I am going to compost my soapbox, now.


----------



## Griff (Jan 12, 2013)

crabapple said:


> The swamp dirt/rabbit poo helped a great deal as your photos proved.
> The black rubber was great for collecting heat & holding until cooler hours.
> 
> I am an organic gardener & think you have done a great job.
> ...


'preciate the kind words, crabapple. 
Its good to know that we've found a simple, effective way to help ourselves. Even have enough to share a bit. They were part of our home school curriculum, as well. This fits in with our multi-use / interconnected philosophy of application. Kind of a Swiss-Army approach, but it works for us. Like cultivating local blackberry brambles for food, fencing, little critter shelter, etc instead of spending resources trying to eradicate and replace them.

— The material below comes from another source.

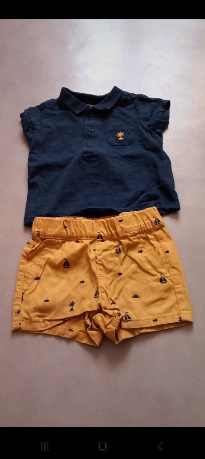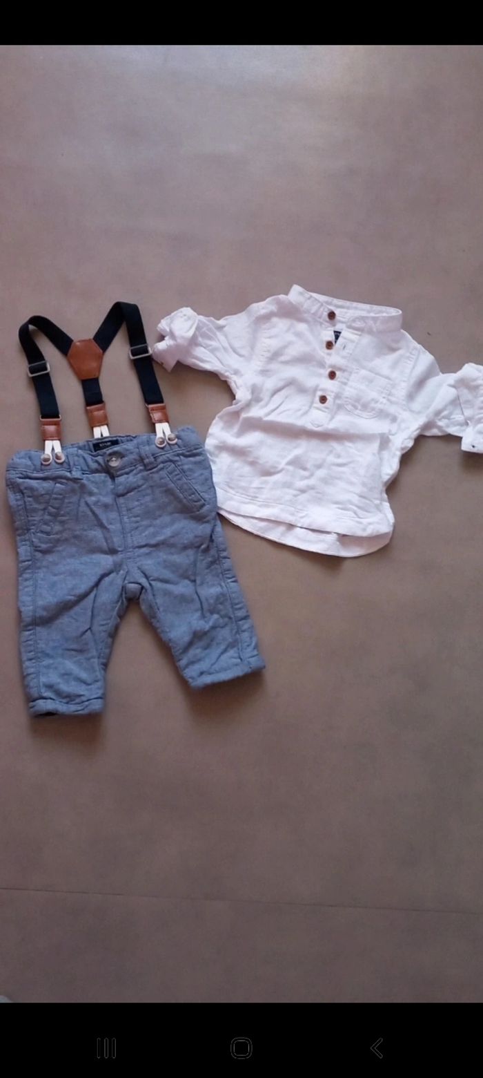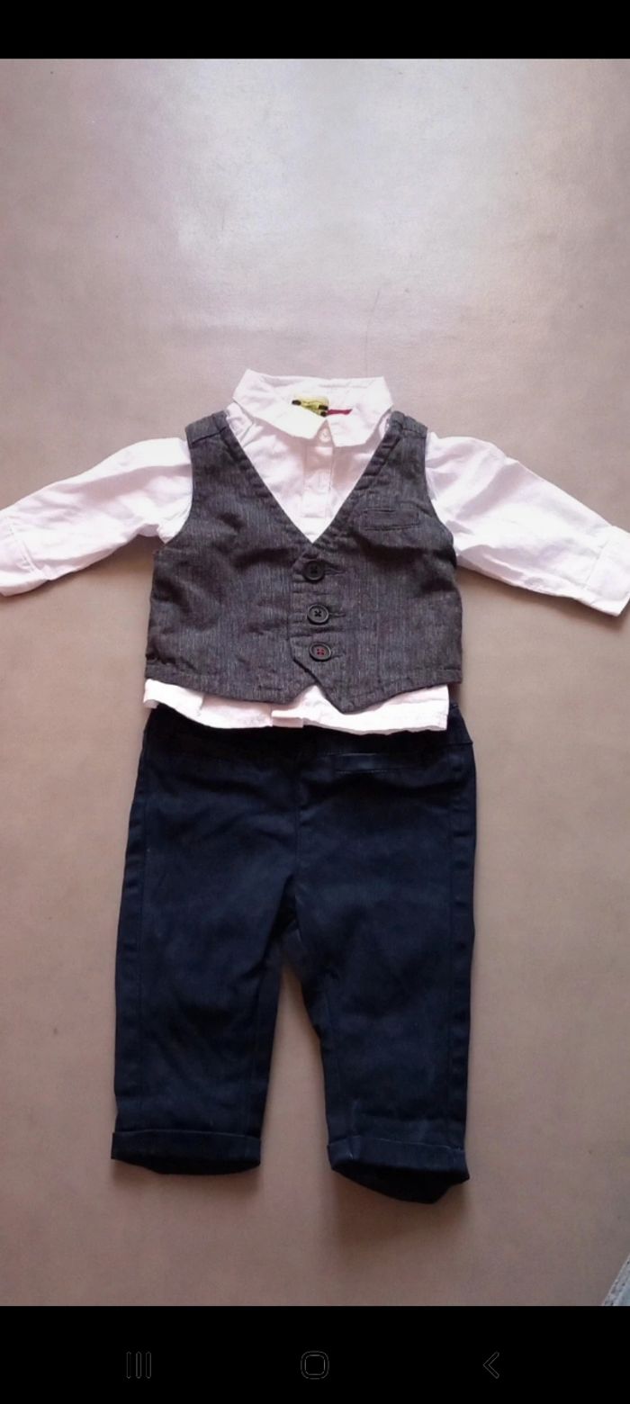 Lot 3 mois garcon: 1 short 1 chemise 1 ensemble haut et pantalon à pince 1 ensemble jogging neuf 1 ensemble pantalon haut et gilet 1 ensemble short tee shirt 1 ensemble pyjama bodie manche courte 3 haut manches longues 1 pyjama Mickey 1 pyjama noel 1 gigoteuse manche courte et ouvert au pied

We've been using other peoples' trash to build our treasure for a long time now. Empty feed sacks for sandbags. Phone poles for fence posts. Pallets for fruit tree enclosures. Empty 2 liter soda bottles for water storage. You know how it goes. Not a farm out there you can't find a store of cinder blocks and blue tarps. Betcha know a few other tricks, huh? I'd love to hear them if you'd care to share.

And please don't compost your soapbox. It gives me a prop to talk about myself.


----------